CakapCakap – Cakap People! Para ekonom mengatakan bahwa ekonomi Indonesia menghadapi “resesi yang hampir pasti” pada kuartal ketiga tahun ini karena pemulihan ekonomi yang kuat akan tergantung pada apakah pemerintah dapat mengendalikan penyebaran pandemi COVID-19 dan merangsang daya beli masyarakat.
Pemerintah perlu fokus untuk mengendalikan wabah virus corona di tengah meningkatnya jumlah kasus COVID-19, kata ekonom senior Universitas Indonesia, Faisal Basri, seraya menambahkan bahwa pemulihan ekonomi yang kuat akan datang secara alami jika ancaman wabah ditangani.
“Kami khawatir respon kebijakan pemerintah tidak lagi peduli dengan COVID-19 dengan sangat menekankan pada pemulihan ekonomi,” katanya kepada anggota parlemen dalam rapat pada hari Senin, 31 Agustus 2020, melansir The Jakarta Post.
“Seharusnya kita mengontrol penyebaran virus dulu sebelum ekonomi bisa tumbuh. Jika kasus virus menurun, ekonomi secara otomatis akan meningkat. “
Indonesia mencatat rekor kasus positif COVID-19 dalam satu hari tertinggi dalam tiga hari berturut-turut dari Jumat hingga Minggu (28 Agustus-30 Agustus 2020).
Perekonomian negara mengalami kontraksi minus atau menyusut 5,32 persen pada kuartal kedua tahun ini, terburuk sejak 1999, karena semua komponen kegiatan ekonomi melambat.
Faisal mengatakan, perekonomian mungkin bakal menyusut 3 persen lagi pada kuartal ketiga. Ia menambahkan bahwa kontraksi ekonomi adalah akibat dari “ketidakmampuan pemerintah dalam menangani pandemi”.
Pemerintah, lanjutnya, harus mengikuti langkah negara-negara seperti Singapura, Malaysia dan Thailand dengan memprioritaskan respons pandemi atas ekonomi. Menurutnya, langkah tersebut dapat memungkinkan ekonomi pulih lebih cepat.
“Strategi pemerintah dalam menangani pandemi adalah menunggu vaksin, tapi sebelum itu terjadi, mereka sama sekali tidak punya strategi,” ujarnya kepada Komisi VI DPR yang membidangi perdagangan, industri, dan badan usaha milik negara.
Pemerintah sedang gencar mengampanyekan tentang protokol normal baru, termasuk dengan mengenakan masker wajah dan face shield, jarak sosial.
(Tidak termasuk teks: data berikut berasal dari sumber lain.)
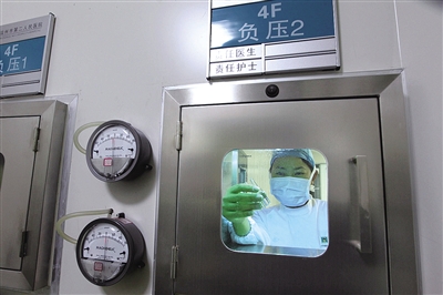 昨晚,温州市中心医院西院区负压病房调试完毕。为了防治H7N9流感,温州另有三家医院6个负压病房准备完毕。图为病房与外界的物流是通过物流传递窗口进行的。赵用摄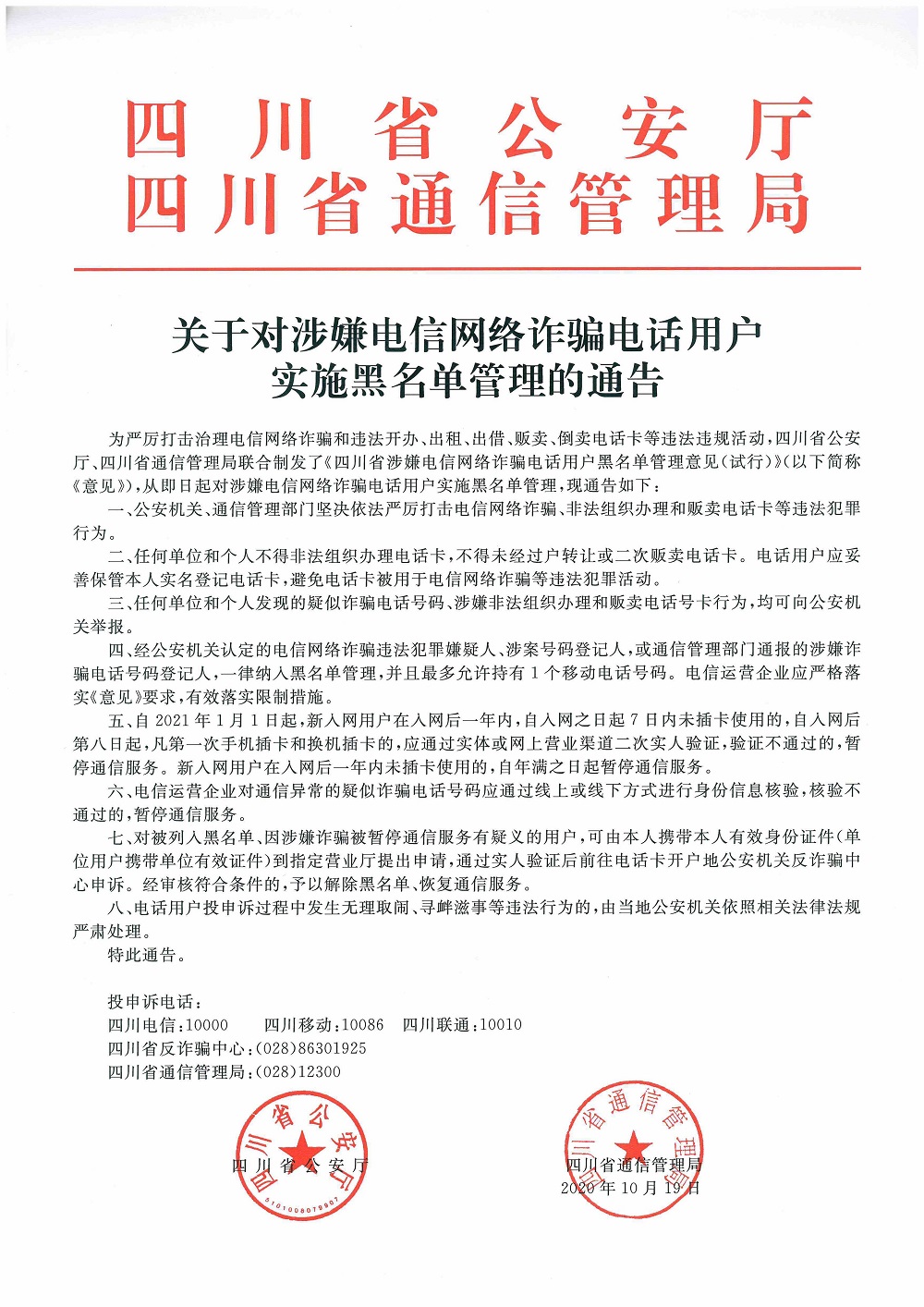 关于对涉嫌电信网络诈骗电话用户实施黑名单管理的通告
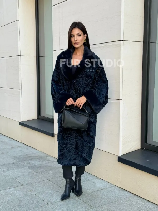 Шуба из каракуля Indigo Blue с отделкой из меха норки, фасон кокон 101105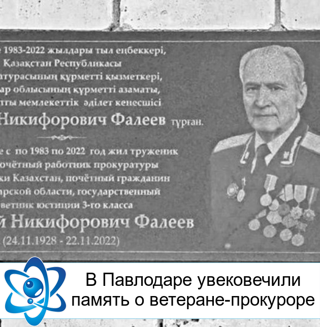 В Павлодаре установили мемориальную доску памяти почётного работника прокуратуры Республики Казахстан, государственного советника юстиции третьего класса, персонального пенсионера республиканского значения, почётного гражданина области Дмитрия Фалеева. Мемориальная доска появилась на доме по улице Ген. Дюсенова, 56, передает корреспондент Pavlodarnews.kz.

Itu adalah di antara langkah-langkah lain untuk menyelamatkan ekonomi yang terguncang akibat pandemi virus corona.
Namun, jumlah kasus yang meningkat dalam beberapa bulan terakhir menunjukkan bahwa langkah pemerintah belum efektif dalam mengurangi penyebaran infeksi.
Resesi ekonomi “bukanlah kiamat dan bukan hal yang perlu ditakuti”
“Resesi ekonomi bukanlah kiamat dan bukan sesuatu yang perlu kita takuti,” kata ekonom senior Institute for Development of Economics and Finance (Indef) Enny Sri Hartati.
Ia menambahkan, perekonomian berada pada “resesi yang hampir pasti” beberapa diantaranya adalah didasarkan beberapa indikator ekonomi di bulan Juli seperti penjualan ritel dan penjualan kendaraan.
“Pertanyaannya adalah bagaimana mengurangi guncangan ekonomi dengan meningkatkan daya beli masyarakat dan meningkatkan [ketahanan] usaha mikro, kecil, dan menengah,” katanya dalam pertemuan yang sama.
Enny mendesak pemerintah mengevaluasi program stimulus saat ini untuk mengurangi tekanan arus kas bisnis dan mendorong permintaan domestik.
“Jika tepat sasaran, maka belanja pemerintah akan menjadi krusial dalam mendorong perekonomian,” tambahnya.
Pemerintah memperkirakan ekonomi akan menyusut paling buruk 2 persen atau mencatat pertumbuhan datar paling baik di kuartal ketiga, Menteri Keuangan Sri Mulyani Indrawati mengatakan baru-baru ini. Sri Mulyani memperkirakan ekonomi akan menyusut paling buruk 1,1 persen untuk tahun 2020.
Pemerintah akan mengoptimalkan belanja negara pada kuartal ketiga tahun ini untuk membantu mendukung perekonomian, kata Kepala Kebijakan Perubahan Iklim dan Pembiayaan Multilateral Kementerian Keuangan Adi Budiarso dalam audiensi yang sama.
“Kami akan meningkatkan belanja pemerintah yang akan mendukung supply dan demand dalam perekonomian,” tegasnya.